_What the task asks:_ Set down each entry below exactly as written, keeping the pictures out.

_Study material:_
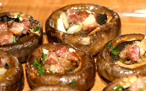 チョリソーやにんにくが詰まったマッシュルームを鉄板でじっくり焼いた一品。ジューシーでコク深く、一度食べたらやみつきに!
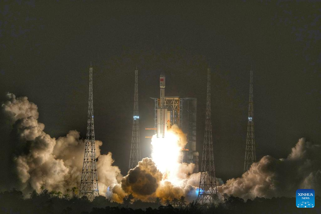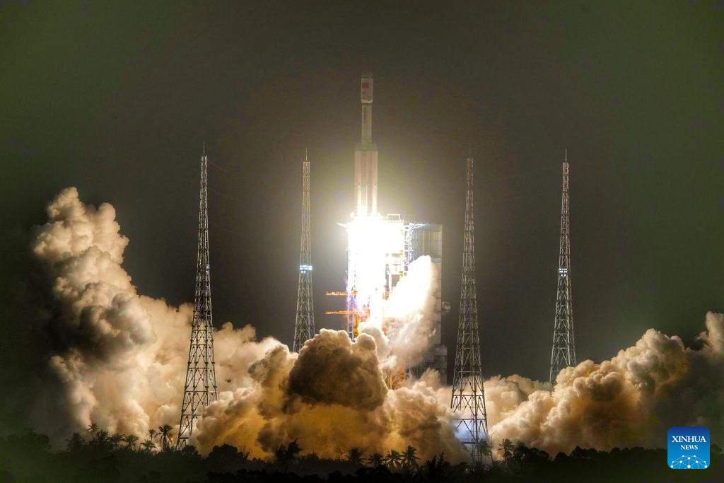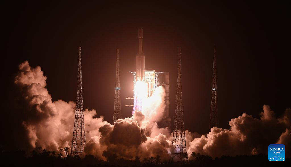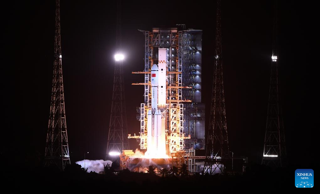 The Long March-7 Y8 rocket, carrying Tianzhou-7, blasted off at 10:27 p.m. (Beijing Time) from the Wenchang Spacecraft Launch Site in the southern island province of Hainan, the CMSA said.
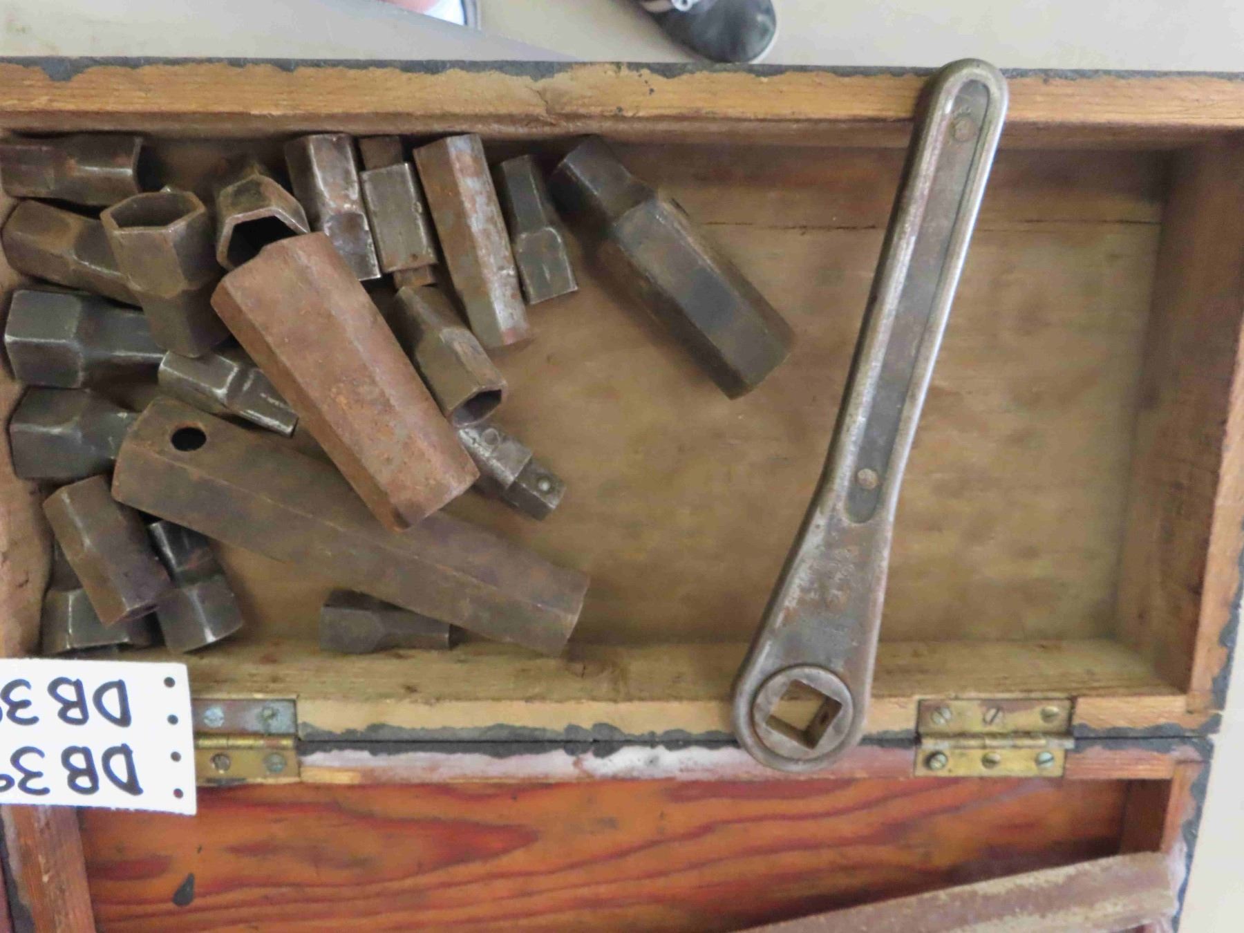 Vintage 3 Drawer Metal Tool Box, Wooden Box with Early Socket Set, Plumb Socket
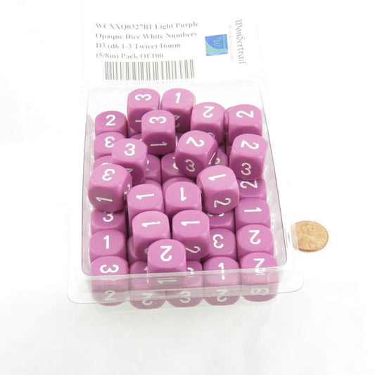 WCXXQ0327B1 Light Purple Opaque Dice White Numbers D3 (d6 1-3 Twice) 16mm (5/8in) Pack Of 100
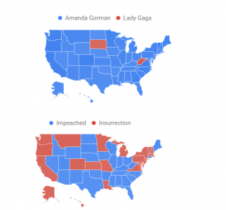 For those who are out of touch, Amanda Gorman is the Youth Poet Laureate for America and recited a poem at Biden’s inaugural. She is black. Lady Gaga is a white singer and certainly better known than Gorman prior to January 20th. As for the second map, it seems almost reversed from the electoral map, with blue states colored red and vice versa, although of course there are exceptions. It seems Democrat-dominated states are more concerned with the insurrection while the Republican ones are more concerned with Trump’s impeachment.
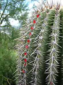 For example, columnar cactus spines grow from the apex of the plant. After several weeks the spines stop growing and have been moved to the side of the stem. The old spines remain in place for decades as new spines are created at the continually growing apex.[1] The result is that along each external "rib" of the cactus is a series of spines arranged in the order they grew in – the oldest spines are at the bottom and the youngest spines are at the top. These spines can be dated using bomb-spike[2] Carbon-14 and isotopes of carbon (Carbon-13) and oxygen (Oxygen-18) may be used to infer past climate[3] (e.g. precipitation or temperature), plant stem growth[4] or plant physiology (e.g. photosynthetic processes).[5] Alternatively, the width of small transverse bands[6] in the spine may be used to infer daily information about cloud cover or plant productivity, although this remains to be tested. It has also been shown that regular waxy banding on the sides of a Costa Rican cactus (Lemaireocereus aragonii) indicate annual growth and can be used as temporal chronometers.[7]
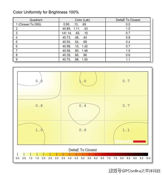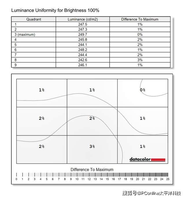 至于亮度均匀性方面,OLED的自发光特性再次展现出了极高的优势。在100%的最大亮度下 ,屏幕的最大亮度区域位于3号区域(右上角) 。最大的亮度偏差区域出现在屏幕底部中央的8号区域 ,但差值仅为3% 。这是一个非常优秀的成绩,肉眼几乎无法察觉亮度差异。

_Your response:_
 チョリソーやにんにくが詰まったマッシュルームを鉄板でじっくり焼いた一品。ジューシーでコク深く、一度食べたらやみつきに!
 The Long March-7 Y8 rocket, carrying Tianzhou-7, blasted off at 10:27 p.m. (Beijing Time) from the Wenchang Spacecraft Launch Site in the southern island province of Hainan, the CMSA said.
 Vintage 3 Drawer Metal Tool Box, Wooden Box with Early Socket Set, Plumb Socket
 WCXXQ0327B1 Light Purple Opaque Dice White Numbers D3 (d6 1-3 Twice) 16mm (5/8in) Pack Of 100
 For those who are out of touch, Amanda Gorman is the Youth Poet Laureate for America and recited a poem at Biden’s inaugural. She is black. Lady Gaga is a white singer and certainly better known than Gorman prior to January 20th. As for the second map, it seems almost reversed from the electoral map, with blue states colored red and vice versa, although of course there are exceptions. It seems Democrat-dominated states are more concerned with the insurrection while the Republican ones are more concerned with Trump’s impeachment.
 For example, columnar cactus spines grow from the apex of the plant. After several weeks the spines stop growing and have been moved to the side of the stem. The old spines remain in place for decades as new spines are created at the continually growing apex.[1] The result is that along each external "rib" of the cactus is a series of spines arranged in the order they grew in – the oldest spines are at the bottom and the youngest spines are at the top. These spines can be dated using bomb-spike[2] Carbon-14 and isotopes of carbon (Carbon-13) and oxygen (Oxygen-18) may be used to infer past climate[3] (e.g. precipitation or temperature), plant stem growth[4] or plant physiology (e.g. photosynthetic processes).[5] Alternatively, the width of small transverse bands[6] in the spine may be used to infer daily information about cloud cover or plant productivity, although this remains to be tested. It has also been shown that regular waxy banding on the sides of a Costa Rican cactus (Lemaireocereus aragonii) indicate annual growth and can be used as temporal chronometers.[7]
 至于亮度均匀性方面,OLED的自发光特性再次展现出了极高的优势。在100%的最大亮度下 ,屏幕的最大亮度区域位于3号区域(右上角) 。最大的亮度偏差区域出现在屏幕底部中央的8号区域 ,但差值仅为3% 。这是一个非常优秀的成绩,肉眼几乎无法察觉亮度差异。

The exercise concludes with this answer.